- Born: December 7, 1978 (age 47) Alexandria, Virginia, U.S.
- Occupations: Podcaster, Store owner

= Chad Dukes (podcaster) =

American podcaster and radio personality

Chad Dukes (born Chad Sisson; December 7, 1978, in Alexandria, Virginia) is a podcaster and former radio personality.

He was the afternoon drivetime host of Chad Dukes Vs. the World on WJFK 106.7 The Fan—a sports talk format radio station in the greater Washington D.C. area. He was also a co-host of the Big O and Dukes Show and several other podcasts. As of January 1, 2021, he hosted The Chad Dukes Show, a podcast.

==Early life==
Chad Dukes, born Chad Sisson, is a native of Burke, Virginia, and a graduate of Lake Braddock Secondary School. He enrolled at George Mason University, where he began his radio broadcasting career working in college radio for WGMU. He left before graduating.

Long a fan of the Washington Redskins, he later became a fan of the Tennessee Titans.

==Career==
Dukes began his professional radio career at 98.7 WMZQ in the promotions department. He became an intern for The Sports Junkiesat WHFS (99.1) in Washington, D.C., where he met fellow intern Oscar "The Big O" Santana. They created the Big O and Dukes Show which debuted at night after Loveline. The show's initial run ended January 12, 2005, when CBS Radio changed the WHFS format to Spanish language and rebranded the station as WLZL "El Zol".

Later that year, the Big O and Dukes Show moved to WJFK/WHFS (105.7) in Baltimore, Maryland, in 2005, where it replaced Out to Lunch Show in the midday (11 a.m.– 3 p.m.) timeslot. Building on a popular segment with former Baltimore police commissioner Ed Norris, the show became Ed Norris with Big O & Dukes. CBS Radio shortly thereafter dropped Dukes and Santana and renamed the program the Ed Norris Show. Dukes moved to ESPN Radio 1300 AM, where he co-hosted an afternoon drive sports/talk show.

In June 2006, Dukes and Santana moved to Phoenix, Arizona, to replace KZON's The Phil Hendrie Show upon the retirement of Phil Hendrie. The Big O and Dukes Show's run in Arizona ended on June 21, 2007, when KZON flipped its format to hip hop, becoming 101.5 JAMZ.

On July 16, 2007, The Big O and Dukes Show returned to the Washington, D.C., airwaves, debuting on WJFK-FM in the evening timeslot (7- 11 p.m.) after the station's flagship Don and Mike Show. In 2008, the show was moved to middays beginning at 10 a.m. following The Junkies and ending at 3 p.m. preceding the Mike O'Meara Show.

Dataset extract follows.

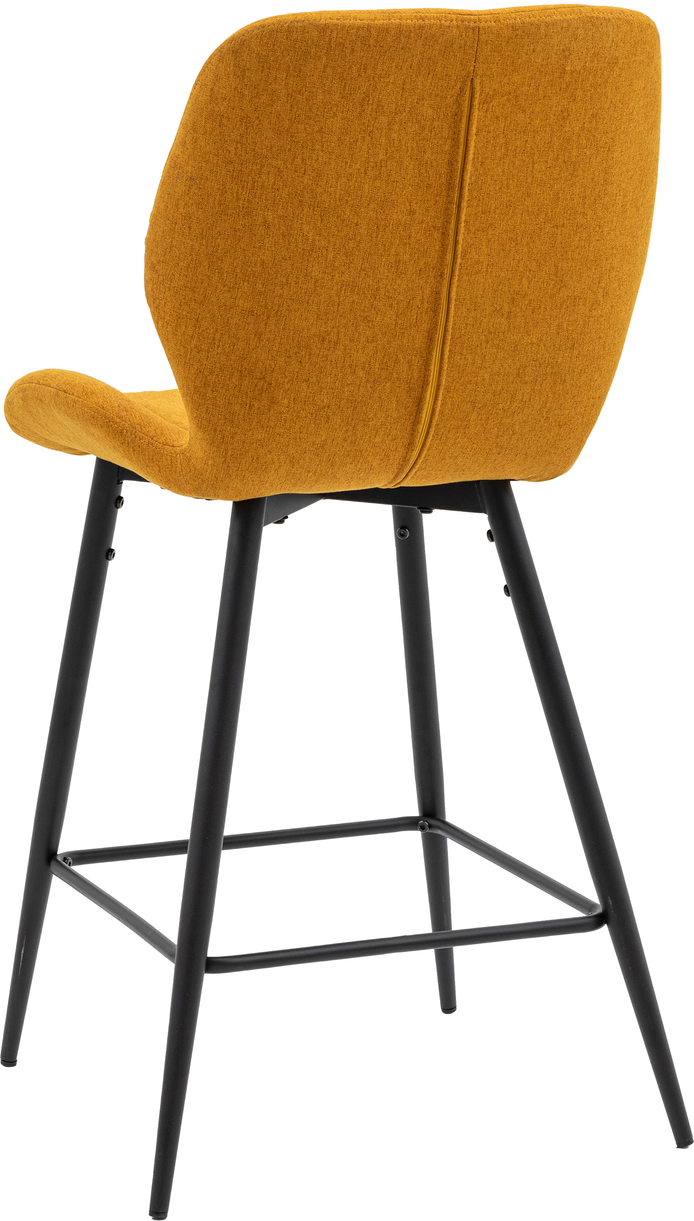 These mid-century inspired modern stools will make a stand out addition to your room. The shaped back and curved seat are upholstered in saffron colured fabric with extra stitch detailing, paired with metal legs, for a contemporary look. Also available in other colours, and matching chairs available.

On July 20, 2009, WJFK-FM switched formats from hot talk to sports talk radio and became 106.7 The Fan DC. Dukes broadcast "The LaVar Arrington Show with Chad Dukes" with former Washington Redskins linebacker LaVar Arrington from 2-6 p.m. and a solo show called Chad Dukes Vs. The World from 6-7 p.m. from July 2009 until July 2014. The 2-6 p.m. block was renamed Chad Dukes Vs. The World in July 2014 after Arrington departed for a full-time position with the NFL Network.

On July 16, 2010, Dukes and Santana reunited for a weekly podcast styled on their terrestrial radio show.

On October 30, 2020, WJFK 106.7 announced that Dukes was fired from his job at the station for making "racist and other inappropriate comments" on his podcast.

===Side projects===
Dukes was co-host of the short-lived Snack and Soda Show. The program ran Sundays on WJFK from 2007–08, with Dukes and producer Matt Cahill broadcasting under the pseudonyms "Snack" and "Soda," respectively. Together they critiqued various snack foods and reported on snack food industry news and rumors. The show's final installment aired April 20, 2008.

Dukes was hosting the Weird and Pissed Off podcast and occasionally The Pinball Shitheads podcast. He and Arrington have hosted "Sportsweek with LaVar Arrington and Chad Dukes" on WDCW. Dukes was the host of The Chad Dukes Wrestling Show Podcast.